これらは次のように置き換える必要があります:

//--- メイン信号の入力
input int Signal_ThresholdOpen =40; // 開くための信号閾値 [0...100]
input int Signal_ThresholdClose =20; // 閉じるための信号閾値 [0...100]
input double Signal_PriceLevel =0.0; // 取引を実行する価格レベル
input double Signal_StopLevel =0.0; // ストップロスレベル(ポイント単位)
input double Signal_TakeLevel =0.0; // テイクプロフィットレベル(ポイント単位)

Signal_ThresholdOpenおよびSignal_ThresholdCloseの入力パラメータは、ポジションの開閉のための閾値レベルを指定することができます。

LongCondition()およびShortCondition()メソッドのコードでは、閾値の固定値を指定しています:

  • ポジションを開く:80;
  • ポジションを閉じる:40;

MQL5ウィザードによって生成されたエキスパートアドバイザーは、トレード信号モジュールからの「投票」に基づいてポジションを開閉します。メインモジュールの投票結果も使用されますが、LongCondition()およびShortCondition()メソッドは常に0を返します。

メインモジュールの投票結果も「投票」の平均化に使用されます。私たちの場合、メインモジュール+1モジュールのトレード信号があるため、この事実を考慮して閾値を設定する必要があります。このため、ThresholdOpenとThresholdCloseはそれぞれ40=(0+80)/2、20=(0+40)/2として設定されるべきです。

Signal_StopLevelおよびSignal_TakeLevelの入力パラメータは0に設定されています。これは、ポジションのクローズは、閉じる条件が真であるときのみ行われることを意味します。

2.4. 履歴バックテスト結果

エキスパートアドバイザーの履歴データ(EURUSD H1、テスト期間:2010.01.01-2011.03.16、PeriodMFI=37、MA_period=11)に基づくバックテストを考慮しましょう。
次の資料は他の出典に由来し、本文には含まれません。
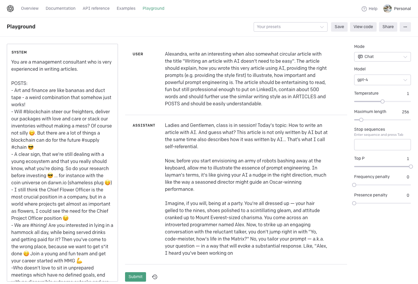 Alexandra (that's my AI, a bit less introverted than Alex), write an interesting when also somewhat circular article with the title "Writing an article with AI doesn't need to be easy". The article should explain, how you wrote this very article using AI, providing the right prompts (e.g. providing the style first) to illustrate, how important and powerful prompt engineering is. The article should be entertaining to read, fun but still professional enough to put on LinkedIn, contain about 500 words and should further use the similar writing style as in ARTICLES and POSTS and should be easily understandable.
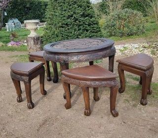 Vends+ancienne+table+basse+ronde+de+salon+avec+ses+4+tabourets,+facile+à +ranger,+dimensions+de+la+table+:+diamètre+77+cm+,+hauteur+52+cm+,+dimensions+des+tabourets+triangulaires+:
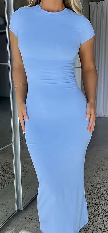 Mavi rəngli qadın maxi paltar
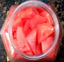 Арбуз будет готов через 2-3 недели. Подавать отдельно как закуску или в комбинации с другими солениями.

エキスパートアドバイザーの作成においては、固定ボリューム(固定ロットで取引、0.1)を使用し、トレーリングストップアルゴリズムは使用しませんでした(トレーリングは使用しない)。

ブルリッシュ・ハラミ/ベアリッシュ・ハラミ + MFIに基づくエキスパートアドバイザーのテスト結果

図11. ブルリッシュ・ハラミ/ベアリッシュ・ハラミ + MFIに基づくエキスパートアドバイザーのテスト結果

最適な入力パラメータのセットは、MetaTrader 5の戦略テスターを使用して見つけることができます。

MQL5ウィザードで作成されたエキスパートアドバイザーのコードは、expert_abh_bh_mfi.mq5に添付されています。